# [PROMPT]
Please return each of the entries exactly, minus their pictures.

Data extracted from a collection:
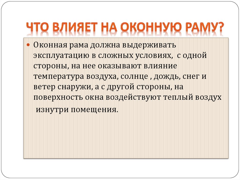 Оконная рама должна выдерживатьэксплуатацию в сложных условиях, с одной
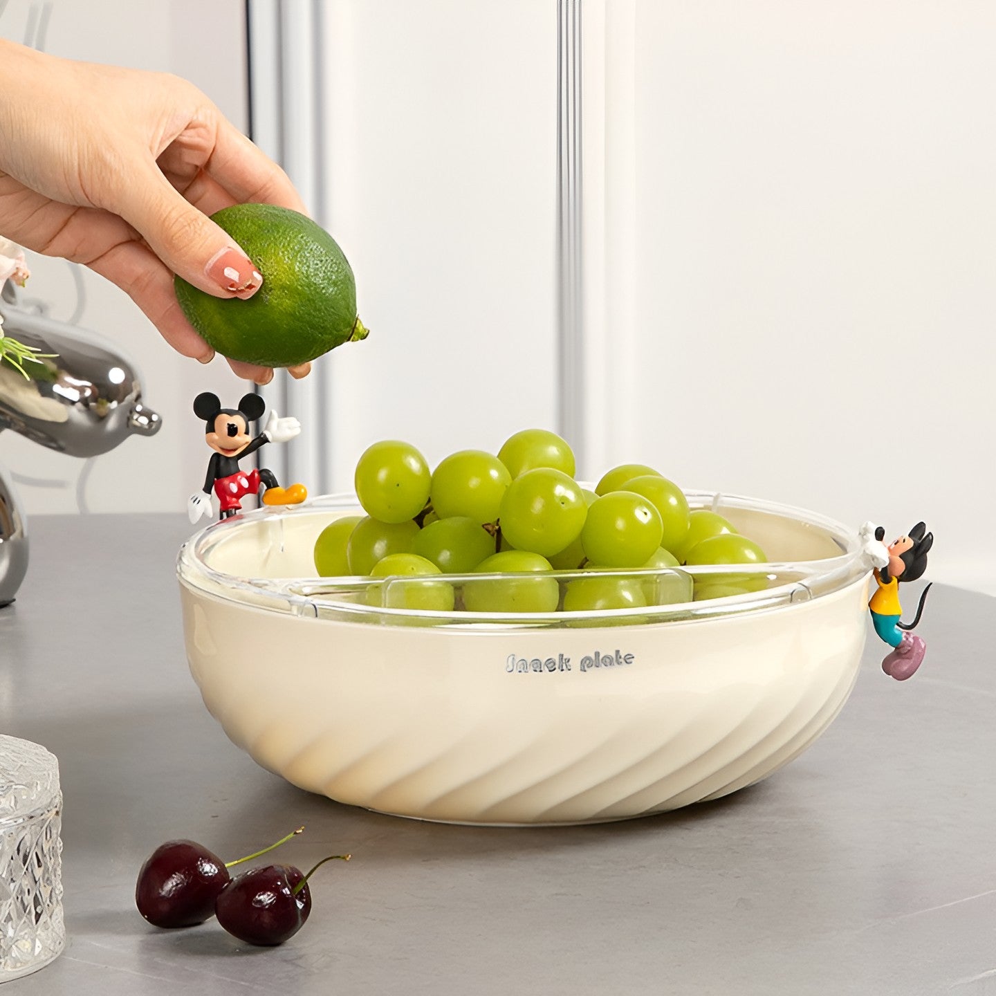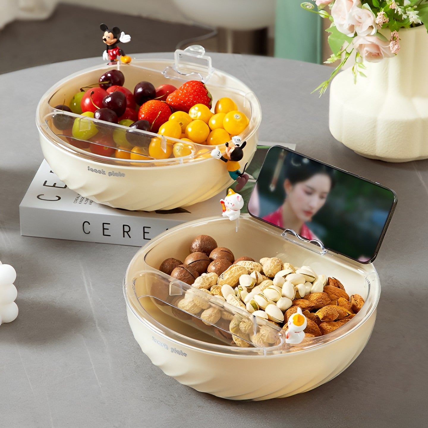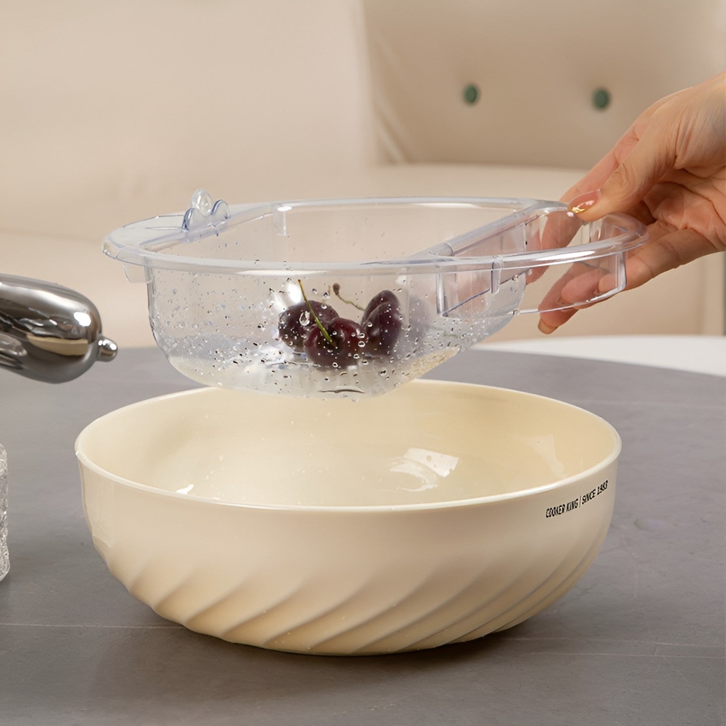 Bol cu Doua Straturi, pentru Fructe, Legume, Snacks, cu Strat de Scurgere a Apei, Suport pentru Telefonul Mobil
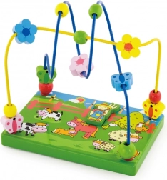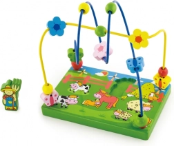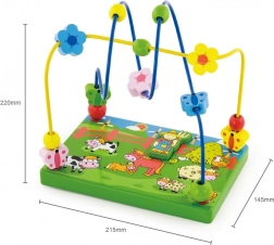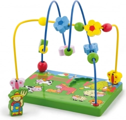 Objevte barevný dřevěný korálkový labyrint s farmářskou tématikou, který děti nadchne pohybem korálků po kovových drátcích i hrou s magnetickou figurkou. Stabilní dřevěná základna s ilustracemi z farmy podporuje představivost a zároveň učí děti soustředit se a koordinovat pohyby.
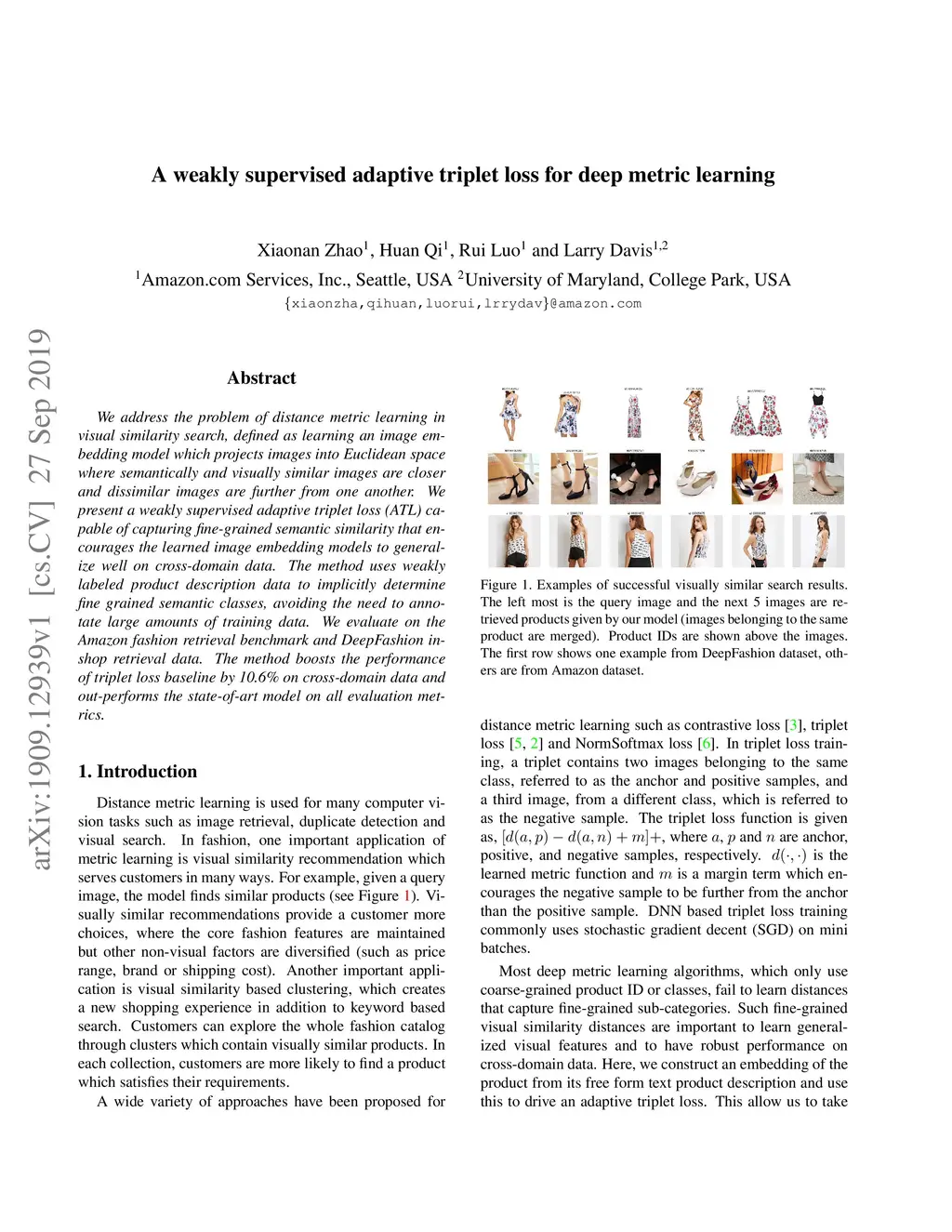 We address the problem of distance metric learning in visual similarity search, defined as learning an image embedding model which projects images into Euclidean space where semantically and visually similar images are closer and dissimilar images are further from one another. We present a weakly supervised adaptive triplet loss (ATL) capable of capturing fine-grained semantic similarity that encourages the learned image embedding models to generalize well on cross-domain data. The method uses weakly labeled product description data to implicitly determine fine grained semantic classes, avoiding the need to annotate large amounts of training data. We evaluate on the Amazon fashion retrieval benchmark and DeepFashion in-shop retrieval data. The method boosts the performance of triplet loss baseline by 10.6% on cross-domain data and out-performs the state-of-art model on all evaluation metrics.
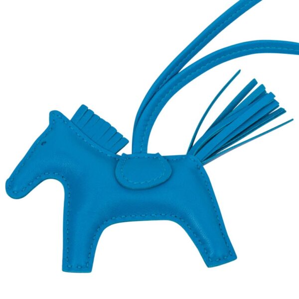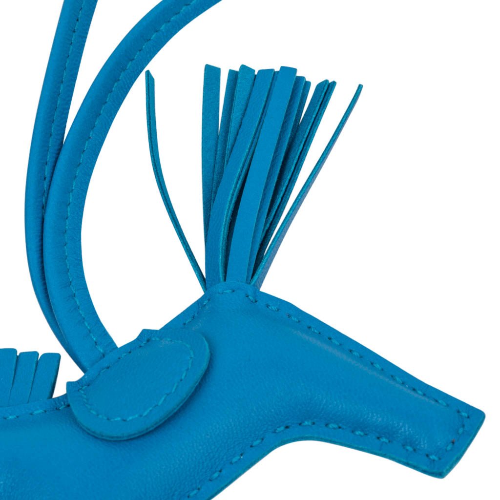 Guaranteed authentic coveted Hermes PM Rodeo bag charm features solid Blue Zanzibar.
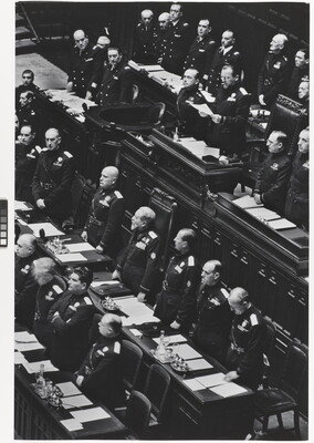 Mussolini Dominates His Parliament as Italy Prepares to Enter the War against the Allies. 1940
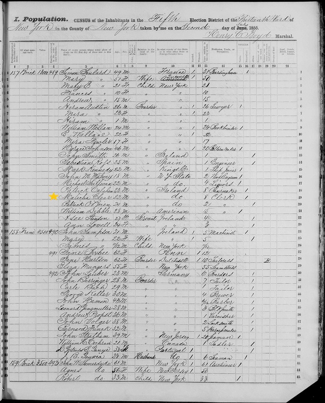 Malachy Clear; 1855 Census
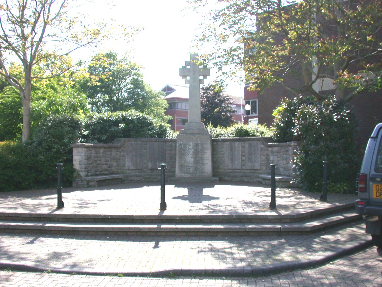 Stone cross in centre of wall which has two plaques each side. Memorial is in a car park in Gurkha Square,
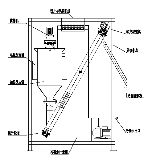 電磁結晶蒸發器主要由進料氣動泵、電磁加熱、蒸發反應罐、彈簧刮刀攪拌器、抽風機、冷卻翅片風扇、蛟龍出料裝置、監測控制儀表組成,最終實現全自動運行的電磁結晶蒸發器。
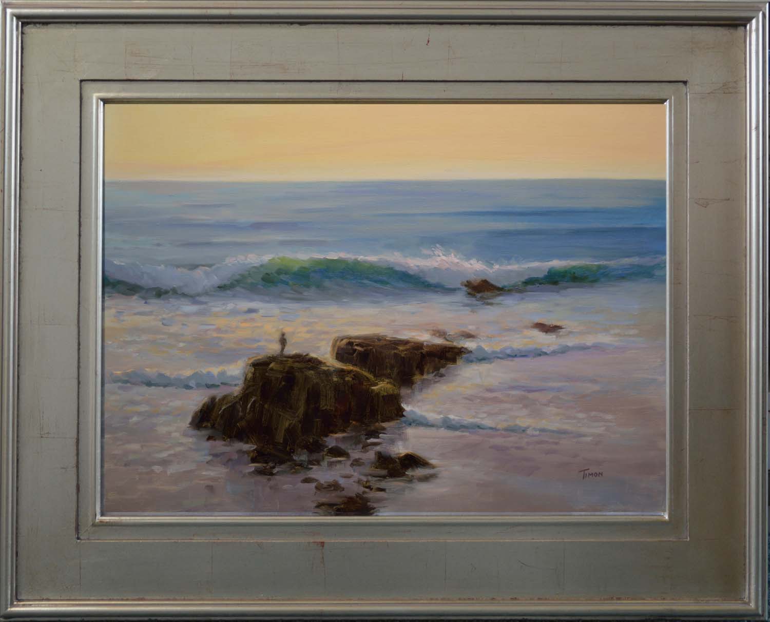I was out painting on the coast all day, and as the started to set it started to light the foam off the waves with a magical glow.
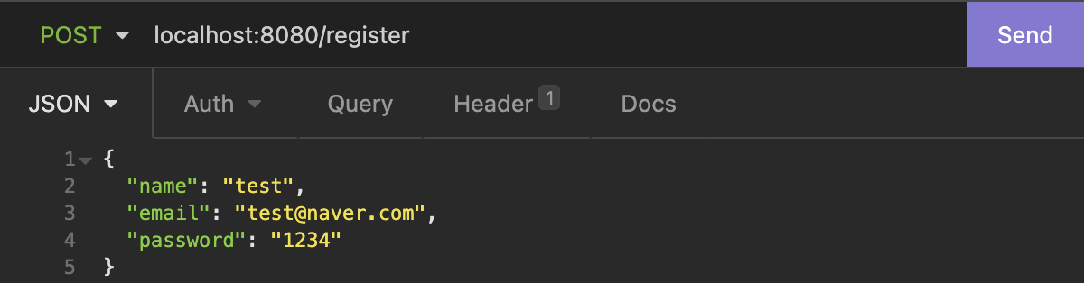 localhost:8080/register에 POST 요청으로 회원가입하고 싶은 이메일 주소와 비밀번호를 전송합니다.
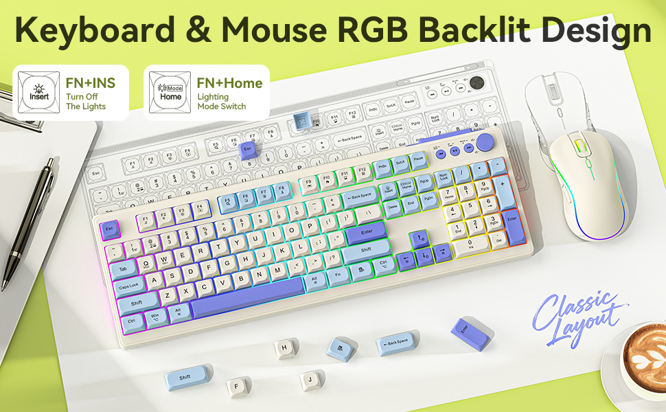 ★Type C Rechargeable: Built-in rechargeable 500mAh battery, this keyboard and mouse combo can be easily charged with included type-c charging cable (included in the package, Keyboard cover included). Fully charged for 3 hours, you can get a keyboard which works continuously up to 300 hours. Besides, it will automatically go into sleep mode to save energy if it not used for over 30 minutes. Press any key and you can wake it up.
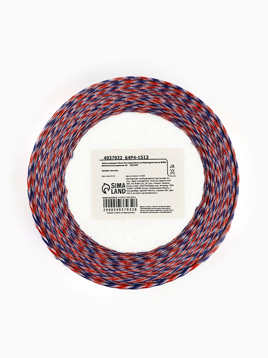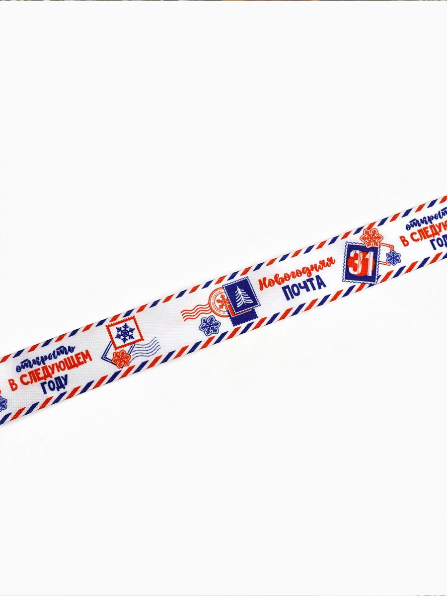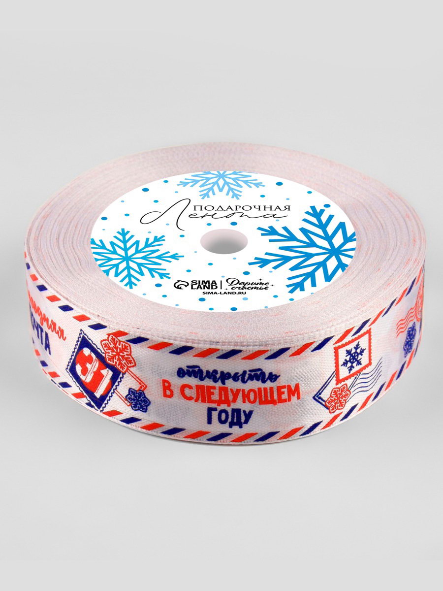 Лента атласная "Новогодняя почта", 25 мм, 23+-1 м, белая, 9x9x2.5 см., Дарите Счастье, Китай

# [RESPONSE]
 Оконная рама должна выдерживатьэксплуатацию в сложных условиях, с одной
 Bol cu Doua Straturi, pentru Fructe, Legume, Snacks, cu Strat de Scurgere a Apei, Suport pentru Telefonul Mobil
 Objevte barevný dřevěný korálkový labyrint s farmářskou tématikou, který děti nadchne pohybem korálků po kovových drátcích i hrou s magnetickou figurkou. Stabilní dřevěná základna s ilustracemi z farmy podporuje představivost a zároveň učí děti soustředit se a koordinovat pohyby.
 We address the problem of distance metric learning in visual similarity search, defined as learning an image embedding model which projects images into Euclidean space where semantically and visually similar images are closer and dissimilar images are further from one another. We present a weakly supervised adaptive triplet loss (ATL) capable of capturing fine-grained semantic similarity that encourages the learned image embedding models to generalize well on cross-domain data. The method uses weakly labeled product description data to implicitly determine fine grained semantic classes, avoiding the need to annotate large amounts of training data. We evaluate on the Amazon fashion retrieval benchmark and DeepFashion in-shop retrieval data. The method boosts the performance of triplet loss baseline by 10.6% on cross-domain data and out-performs the state-of-art model on all evaluation metrics.
 Guaranteed authentic coveted Hermes PM Rodeo bag charm features solid Blue Zanzibar.
 Mussolini Dominates His Parliament as Italy Prepares to Enter the War against the Allies. 1940
 Malachy Clear; 1855 Census
 Stone cross in centre of wall which has two plaques each side. Memorial is in a car park in Gurkha Square,
 電磁結晶蒸發器主要由進料氣動泵、電磁加熱、蒸發反應罐、彈簧刮刀攪拌器、抽風機、冷卻翅片風扇、蛟龍出料裝置、監測控制儀表組成,最終實現全自動運行的電磁結晶蒸發器。
I was out painting on the coast all day, and as the started to set it started to light the foam off the waves with a magical glow.
 localhost:8080/register에 POST 요청으로 회원가입하고 싶은 이메일 주소와 비밀번호를 전송합니다.
 ★Type C Rechargeable: Built-in rechargeable 500mAh battery, this keyboard and mouse combo can be easily charged with included type-c charging cable (included in the package, Keyboard cover included). Fully charged for 3 hours, you can get a keyboard which works continuously up to 300 hours. Besides, it will automatically go into sleep mode to save energy if it not used for over 30 minutes. Press any key and you can wake it up.
 Лента атласная "Новогодняя почта", 25 мм, 23+-1 м, белая, 9x9x2.5 см., Дарите Счастье, Китай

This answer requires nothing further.